Temperature isn’t an issue–I’m running my tests at room temperature. And, I know that the accelerometer/Arduino are working as I can: detach the cable, plug the accelerometer directly into the Arduino board, and see the expected output.

It’s only when the cable is attached that the readings slow down. Out of curiosity and thinking it was a resistance issue (before your original response), I’d created a new cable with larger-diameter wire (18 gauge). When I tested, the readings are still slow(er) but not as slow as with the CAT 5 cable.

The guide does say that a different supply voltage can change the 0-g PWM reference. Maybe the CAT 5 cable (and possibly RJ45 connectors?) do induce a bit of a voltage drop. Try to measure the Vdd voltage against ground at the accelerometer, and compare it to what it is at the beginning of the cable at the Arduino.

Does the module have the 220 ohm resistors on it? Or is it a bare chip?

I’m using the chip as Parallax sells it: There are no resistors onboard that I’m aware of. (Just checked the Parallax datasheet and there don’t appear to be any resistors in place.)

Note that while I’m using CAT 5 cable, there are no RJ45 connectors. I’ve soldered leads to the cable ends which mate with the accelerometer on one end and the Arduino on the other.

Ok, I noticed in the guide some smd parts at the top. Turns out they are decoupling capacitors to the supply inputs of the chip. Not the 220 ohm resistors in series with the digital output lines as shown in the guide.

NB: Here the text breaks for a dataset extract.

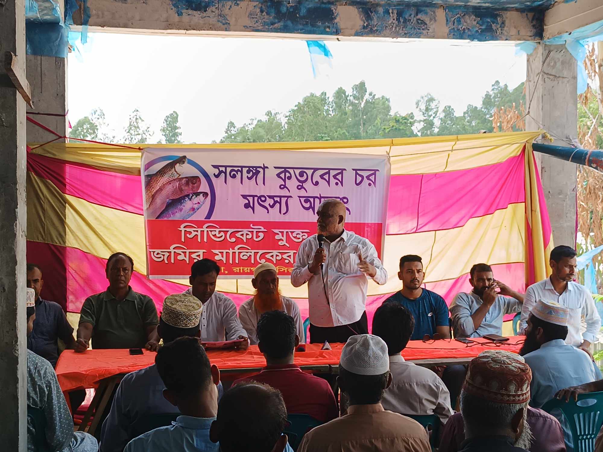 সংবাদ সম্মেলনে বক্তারা বলেন, দীর্ঘ ৯ মাস পূর্বে সলঙ্গা থানার কুতুবের চর গ্রামে ৮ বিঘা জমির উপর এই বৃহৎ মৎস্য আড়ৎটি গড়ে উঠে। একটি কুচক্রী মহল এই মৎস্য আড়ৎকে কেন্দ্র করে গড়ে তোলে এক বিশাল সিন্ডিকেট। আর এই সিন্ডিকেটের নেপথ্যে রয়েছে আব্দুল হাই এবং ধুবিল ইউনিয়ন পরিষদের চেয়ারম্যান মিজানুর রহমান রাসেল।অধিকার বঞ্চিত ২৫ জন ভুমি মালিককে বিভিন্ন ভয়ভীতি প্রদর্শন করে এবং তাদের বিরুদ্ধে মিথ্যা মামলা দায়ের করে অহেতুক হয়রানি করছে ।

I don’t know what else could cause this. What exactly do you mean with slow down and speed up anyway? Do the values increase/decrease? Or does the period between sample measurements change? Eitherway, the acceleration is proportional to the ratio of on-time over total pulse repetition period. The arduino code of the tutorial only measures the duration of the high period. So if the repetition period isn’t fixed (the datasheet says it can vary ± 5%, but not due to what) then it could appear as if there are accelerations. Proper code would measure the off-time of the pulse too, or the total period, and determine the ratio from that.

Could you be missing an edge due to signal integrity issues? Can you look at the signals with a scope (at the processor end)? Would it be possible to put a small micro next to the accelerometer and send back serial data?